EXERCISE BRIEF
For the entries below, the expected answer is the line with "At the heart", the line with "Изящная подвеска в", and every line between them, exactly as written, and nothing more.

TASK INPUTS
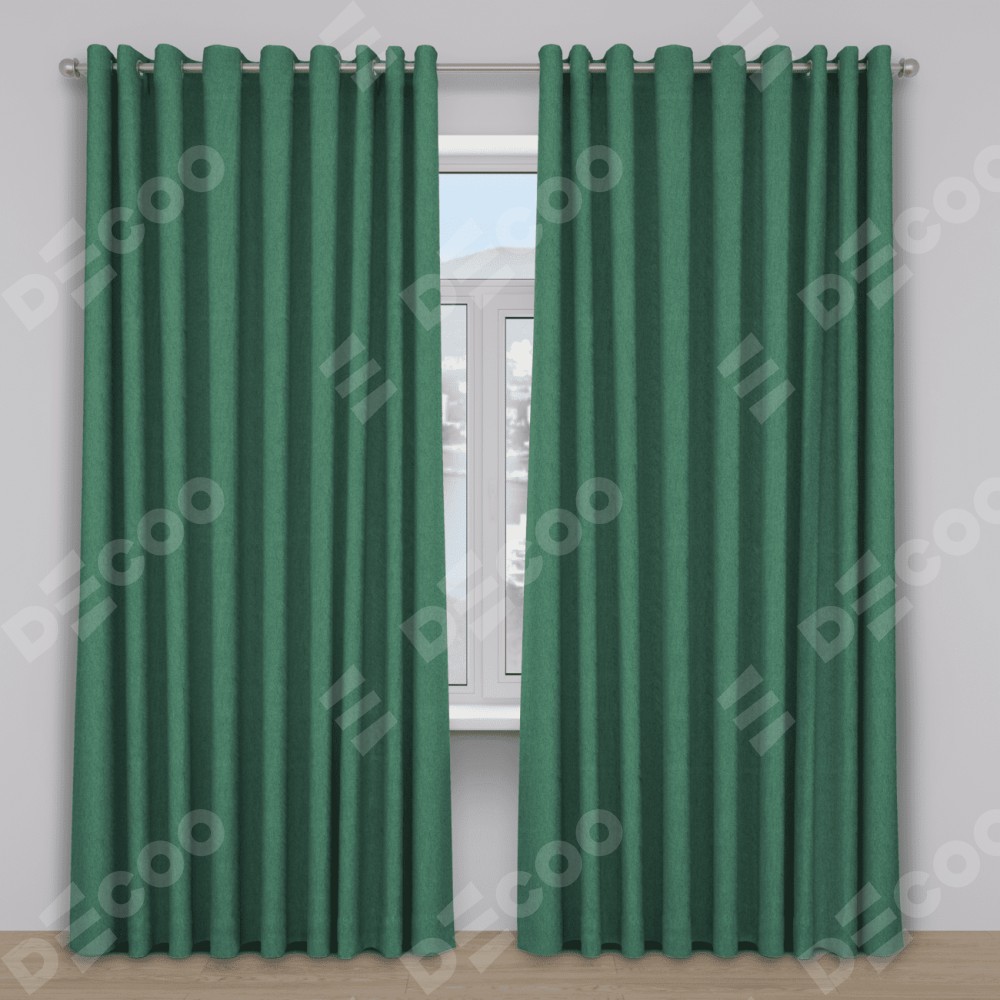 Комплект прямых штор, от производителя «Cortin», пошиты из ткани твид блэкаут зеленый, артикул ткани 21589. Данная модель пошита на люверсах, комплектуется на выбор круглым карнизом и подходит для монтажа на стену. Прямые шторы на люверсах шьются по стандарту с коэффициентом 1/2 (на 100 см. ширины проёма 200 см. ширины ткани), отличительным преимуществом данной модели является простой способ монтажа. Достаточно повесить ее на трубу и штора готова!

...

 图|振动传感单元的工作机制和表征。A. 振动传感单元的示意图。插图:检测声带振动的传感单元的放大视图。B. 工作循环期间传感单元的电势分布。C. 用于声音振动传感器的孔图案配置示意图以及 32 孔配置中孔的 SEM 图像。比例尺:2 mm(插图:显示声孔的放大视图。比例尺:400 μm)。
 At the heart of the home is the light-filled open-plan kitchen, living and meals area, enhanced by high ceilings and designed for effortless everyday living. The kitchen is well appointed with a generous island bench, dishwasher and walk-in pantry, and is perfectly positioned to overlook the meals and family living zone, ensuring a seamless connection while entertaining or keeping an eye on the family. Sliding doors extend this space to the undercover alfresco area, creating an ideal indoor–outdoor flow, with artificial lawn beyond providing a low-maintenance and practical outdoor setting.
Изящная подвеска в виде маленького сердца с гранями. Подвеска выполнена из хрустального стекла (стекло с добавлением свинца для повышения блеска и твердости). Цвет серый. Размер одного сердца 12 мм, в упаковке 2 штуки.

--

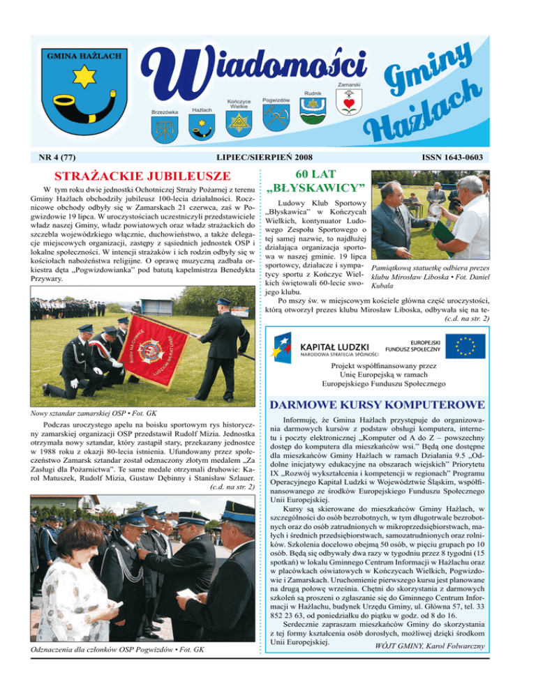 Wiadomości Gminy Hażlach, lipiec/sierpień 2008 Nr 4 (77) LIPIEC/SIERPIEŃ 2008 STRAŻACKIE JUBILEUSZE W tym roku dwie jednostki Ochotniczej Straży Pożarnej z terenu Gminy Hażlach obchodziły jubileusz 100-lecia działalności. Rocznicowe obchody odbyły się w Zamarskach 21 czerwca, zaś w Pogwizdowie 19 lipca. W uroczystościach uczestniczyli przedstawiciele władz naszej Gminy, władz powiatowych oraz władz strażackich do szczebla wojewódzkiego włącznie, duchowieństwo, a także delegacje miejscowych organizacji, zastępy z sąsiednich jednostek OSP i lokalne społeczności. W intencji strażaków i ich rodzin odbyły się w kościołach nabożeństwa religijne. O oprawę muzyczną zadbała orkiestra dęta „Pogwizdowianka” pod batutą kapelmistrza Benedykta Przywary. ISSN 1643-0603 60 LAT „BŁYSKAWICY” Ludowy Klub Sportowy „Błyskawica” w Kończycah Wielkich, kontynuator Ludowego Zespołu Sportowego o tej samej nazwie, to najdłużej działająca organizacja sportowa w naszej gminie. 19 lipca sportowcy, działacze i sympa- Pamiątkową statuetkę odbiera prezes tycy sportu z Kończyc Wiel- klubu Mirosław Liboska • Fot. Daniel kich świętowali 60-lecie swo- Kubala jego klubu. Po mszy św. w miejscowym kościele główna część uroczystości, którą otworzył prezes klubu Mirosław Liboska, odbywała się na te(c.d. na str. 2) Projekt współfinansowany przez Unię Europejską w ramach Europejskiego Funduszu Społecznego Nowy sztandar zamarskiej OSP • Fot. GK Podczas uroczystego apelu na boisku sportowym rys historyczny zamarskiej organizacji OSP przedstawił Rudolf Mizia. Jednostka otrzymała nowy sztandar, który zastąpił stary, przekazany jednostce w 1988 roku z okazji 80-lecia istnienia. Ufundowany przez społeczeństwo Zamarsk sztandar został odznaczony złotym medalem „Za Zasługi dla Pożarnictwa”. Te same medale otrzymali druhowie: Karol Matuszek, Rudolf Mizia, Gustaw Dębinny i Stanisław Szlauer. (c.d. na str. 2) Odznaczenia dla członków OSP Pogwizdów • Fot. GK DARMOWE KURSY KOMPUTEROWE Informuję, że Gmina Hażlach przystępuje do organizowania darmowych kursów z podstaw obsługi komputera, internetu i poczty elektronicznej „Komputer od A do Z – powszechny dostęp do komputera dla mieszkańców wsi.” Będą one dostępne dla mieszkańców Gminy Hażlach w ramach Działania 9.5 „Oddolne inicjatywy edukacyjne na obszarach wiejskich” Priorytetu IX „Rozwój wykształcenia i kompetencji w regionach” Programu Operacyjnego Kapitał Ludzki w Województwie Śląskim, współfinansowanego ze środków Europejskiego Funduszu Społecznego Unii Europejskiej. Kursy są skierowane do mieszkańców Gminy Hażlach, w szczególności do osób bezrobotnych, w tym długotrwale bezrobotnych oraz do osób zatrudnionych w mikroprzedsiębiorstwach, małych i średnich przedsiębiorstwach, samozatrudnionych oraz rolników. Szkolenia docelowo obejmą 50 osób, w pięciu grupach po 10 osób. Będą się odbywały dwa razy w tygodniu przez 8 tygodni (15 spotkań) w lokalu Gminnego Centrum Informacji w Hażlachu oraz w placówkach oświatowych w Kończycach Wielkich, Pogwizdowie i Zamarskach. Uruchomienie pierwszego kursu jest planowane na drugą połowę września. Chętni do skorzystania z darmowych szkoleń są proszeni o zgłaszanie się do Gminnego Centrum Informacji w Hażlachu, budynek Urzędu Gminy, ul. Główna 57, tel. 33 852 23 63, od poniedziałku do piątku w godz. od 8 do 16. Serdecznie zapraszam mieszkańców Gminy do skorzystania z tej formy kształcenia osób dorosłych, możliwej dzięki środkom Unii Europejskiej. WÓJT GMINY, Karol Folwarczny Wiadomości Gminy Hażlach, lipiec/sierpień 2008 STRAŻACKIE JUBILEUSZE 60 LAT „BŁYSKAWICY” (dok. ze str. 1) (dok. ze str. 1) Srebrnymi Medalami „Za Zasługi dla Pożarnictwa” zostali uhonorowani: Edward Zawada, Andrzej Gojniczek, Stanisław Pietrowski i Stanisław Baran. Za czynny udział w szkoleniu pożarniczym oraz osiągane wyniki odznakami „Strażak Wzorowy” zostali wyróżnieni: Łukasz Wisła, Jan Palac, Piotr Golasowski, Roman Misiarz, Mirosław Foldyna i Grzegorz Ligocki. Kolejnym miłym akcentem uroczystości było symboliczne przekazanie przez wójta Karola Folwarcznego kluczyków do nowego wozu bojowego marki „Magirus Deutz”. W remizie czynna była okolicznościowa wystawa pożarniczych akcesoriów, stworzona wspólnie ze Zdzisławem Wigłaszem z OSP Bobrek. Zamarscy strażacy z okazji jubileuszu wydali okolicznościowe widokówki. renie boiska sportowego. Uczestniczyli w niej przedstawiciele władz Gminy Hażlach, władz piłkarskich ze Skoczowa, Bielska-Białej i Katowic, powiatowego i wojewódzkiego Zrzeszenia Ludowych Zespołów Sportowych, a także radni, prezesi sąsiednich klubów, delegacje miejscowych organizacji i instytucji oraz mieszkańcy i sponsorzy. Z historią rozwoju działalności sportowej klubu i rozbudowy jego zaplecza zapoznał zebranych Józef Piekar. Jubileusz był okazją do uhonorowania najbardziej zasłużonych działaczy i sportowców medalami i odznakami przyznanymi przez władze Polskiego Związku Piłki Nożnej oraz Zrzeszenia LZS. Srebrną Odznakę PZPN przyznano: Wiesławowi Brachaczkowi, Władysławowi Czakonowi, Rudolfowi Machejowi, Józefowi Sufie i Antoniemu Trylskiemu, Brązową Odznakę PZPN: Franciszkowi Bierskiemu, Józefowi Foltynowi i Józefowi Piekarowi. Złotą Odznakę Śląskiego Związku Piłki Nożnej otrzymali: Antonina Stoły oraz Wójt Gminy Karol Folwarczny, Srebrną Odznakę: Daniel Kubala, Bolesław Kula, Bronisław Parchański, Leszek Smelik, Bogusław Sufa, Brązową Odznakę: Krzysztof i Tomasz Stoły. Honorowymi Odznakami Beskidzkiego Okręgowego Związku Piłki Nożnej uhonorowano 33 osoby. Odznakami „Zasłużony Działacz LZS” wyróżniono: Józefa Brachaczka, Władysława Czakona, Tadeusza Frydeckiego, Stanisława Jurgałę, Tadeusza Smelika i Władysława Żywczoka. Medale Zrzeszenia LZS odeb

SOLUTION
 At the heart of the home is the light-filled open-plan kitchen, living and meals area, enhanced by high ceilings and designed for effortless everyday living. The kitchen is well appointed with a generous island bench, dishwasher and walk-in pantry, and is perfectly positioned to overlook the meals and family living zone, ensuring a seamless connection while entertaining or keeping an eye on the family. Sliding doors extend this space to the undercover alfresco area, creating an ideal indoor–outdoor flow, with artificial lawn beyond providing a low-maintenance and practical outdoor setting.
Изящная подвеска в виде маленького сердца с гранями. Подвеска выполнена из хрустального стекла (стекло с добавлением свинца для повышения блеска и твердости). Цвет серый. Размер одного сердца 12 мм, в упаковке 2 штуки.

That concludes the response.